A long slow day, this day, of waiting for a donation store to send their truck to my house to pick up and haul away the things I want to purge from my life. A few pieces of old, hardwood furniture that I have carefully guarded and nurtured for many years. Some might call these antiques, these things I have been hanging on to all these years, but the truck driver from the donation store calls them junk, and tells me I should haul them to the dump. An eighty-year old, solid-wood armoire with hand-formed finger joints in it is a piece of junk, in the estimation of a thirty-five year old truck driver, who only knows particle board and sawdust laminate that has been glued together in Shanghai.

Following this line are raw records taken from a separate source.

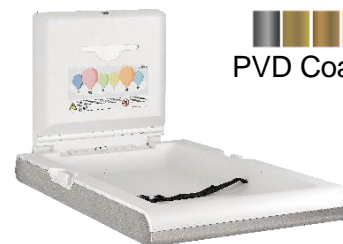
CP0016VCS Polypropylene /Stainless steel Satin finish
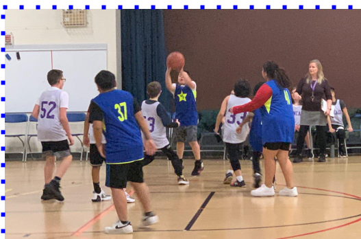
WP Basketball team plays Kincaid school
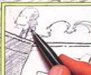
HATCHING • FELT PEN
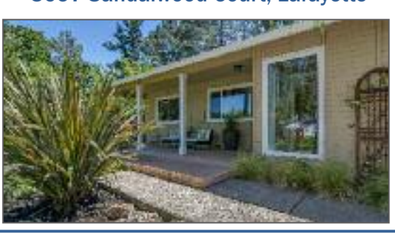
Burton Valley Charmer

Fall in love with this turn-key 3BD/2BA charmer only steps away from Burton Valley Elementary. With 2,184+/- sf., this wonderful home enjoys great spaces and large living areas. Entertain or unwind in the backyard of this fantastic property located on a .32+/- ac. lot. 3097SandalwoodCt.com
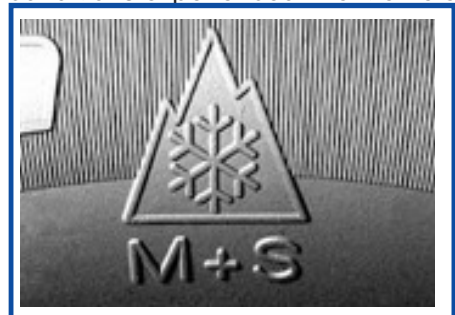
Snow tyres provide even better traction and are highly recommended (with the mountain/snowflake symbol pictured above)
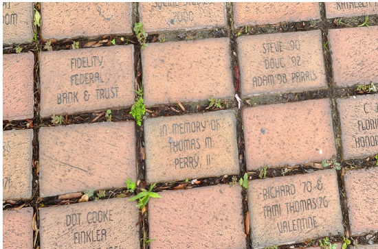
Here's where your brick could be. Above: A section of the installed bricks. Left, a closeup of memories. Below: The bricks are nestled in sections by the auditorium. The new price of bricks includes the installation costs.
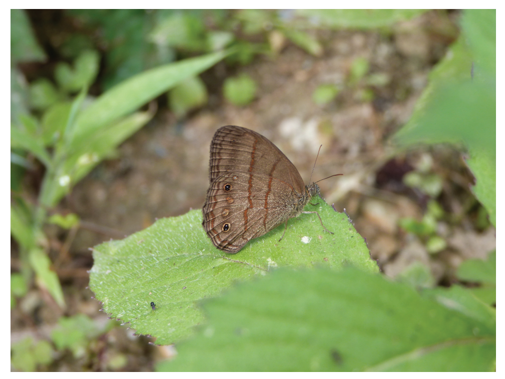
Figure 4. Magneuptychia nebulosa photographed in Quebrada Honda.

(Prittwitz, 1865)) also exhibits this curved postdiscal band. Magneuptychia nebulosa possesses a rather reddish discal and post discal bands. The number of white pupils in the five ventral hindwing subapical ocelli varies within M. alcinoe and is thus occasionally diagnostic; some specimens of M. alcinoe have only one pupil in one of the ocellus (K. Willmott, pers. comm.), whereas M. nebulosa always have two pupils in four ocelli, and one pupil in the larger, fifth ocellus. In addition, M. nebulosa may be confused with a variation of M. modesta (Butler, 1867), which is a species that seems to be very variable and is perhaps a complex of several species. However, M. nebulosa differs from this taxon by the combination of the undulating ventral hindwing postdiscal band and double-pupilled ocelli in ventral hindwing cell M1-M2 (usually one in M. modesta ).

“Whatever we cannot sell right away we don’t want,” the truck driver explains to me. That seems logical enough. I would not have called him and donated these things to his cause–the cause of all humanity–if I had thought of them as only worthy of the land fill. He drives his big diesel truck up into these mountains to tell me this! Somewhere in the middle of all of this is a huge misconception of what I have to give, what I have treasured for long, and what it is that people shopping in thrift stores truly want. Old solid wood furniture of an historical nature is well on its way beyond fashion hood. I suppose I am the one who no longer understands what is currently in demand.

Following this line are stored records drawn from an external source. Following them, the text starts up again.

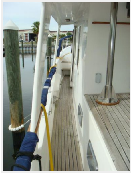
48' Defever Port Side Deck photo2
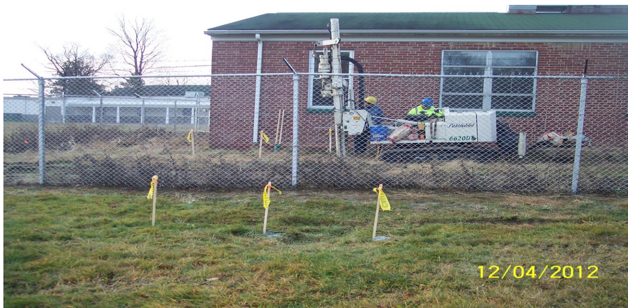
View of boring locations at former USTs RV-4 (three stakes in foreground, note depression in ground may indicate previously excavated area), and RV-87 (sampling in progress) behind Building 1026.
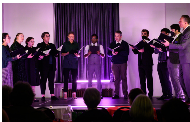
Hiraeth

I find a sullenness, a sadness, in many daily events and transactions, as I grow closer to a future life. Much as I would like to hang on to this one life I possess, and keep the magic energy I have uncovered since younger days, my discoveries and thrills over the wonder of living are becoming quickly outdated, the ideals with which I grew and became inspired now nearly incomprehensible to the younger generations. Who could believe I might ever this see come to pass?
When reading from the Letters of Seneca today, which I read with some regularity–not to be current, but to be a citizen of the universe–he mentions to me how younger people about him would chide him about his age, his fading relevance, or dotage, and the value of his wisdom. I get that in looks and sometimes in remarks myself when I go out and about. Younger people look at me as if I am wasting time, space, and resources, in this new world that they have inherited, a world in which they seem to say that they would like for me to evacuate.
Blessed Seneca puts it this way: Nobody knows how long they have in this world. There is no guarantee that any of us will live even one day longer. The younger set, if they do not realize this, need to become very wise very fast, for the next day might very well be their last. To think and act differently is just foolish and blindly prideful. The possibility of death lurking close by places all of us on an even playing field. Life really does demand that each of us have some wisdom about this. I maybe 65 and have twenty years of living ahead of me, while you may be twenty years of age and have only one year left of living.
I visited a friend a couple of days ago, Mel, who will turn 100 years old in May. When I asked him whether he is excited about his 100th birthday, he told me that he was not.
“I’m ready to go now. There is nothing wrong with death, and nothing to be feared. It is only natural. Birthday celebrations are only the celebration of numbers”.
I knew him when I was in my 20s, then 30s, and so forth, and now half way into my 60s he’s still alive, philosophizing, and kicking. What can some young person, in their 20s, contribute to this conversation, this understanding of life? If they are to say that it is time for such an elderly person to move forward to the outer worlds, the heavens above, then they are delivering that condemnation to themselves. I believe this is how Seneca would respond to such a narcissistic proclamation. Plus, writing in the pre-Christian era, he might have a thing or two to say about pleasing the gods.
The pride of life shines brightly among the young, who fill themselves deeply with hope for an extended, scientifically-guaranteed time of upward mobility, and great pleasure. I had that sense myself, that impetuous cockiness, at a young age. Wars came, friends died, all while the world continued to rapidly change. I don’t think any of this evolution of who we are and what we might be becoming has been understood or well predicted for a comfortable future. Instead, all the dreaded variables for life that might make our existence unpleasant or unbearable still come into play almost every day. Seneca and other Stoic philosophers tell us the answer to this dilemma of huge uncertainty is to live in the moment, rather than in the past or future. The past holds guilt, remorse,and regret for each of us, as we dwell on how our life might have been better lived, while the future is purely a ghost that fills us with fear, uncertainty, and immobility.
As I go forward in earth years, and see young ones looking at me as an antiquated curiosity, I cannot help but wonder if they don’t get it, if they don’t see that their further living will cause them to become more like me, that I am a living and breathing example of what they will most likely become.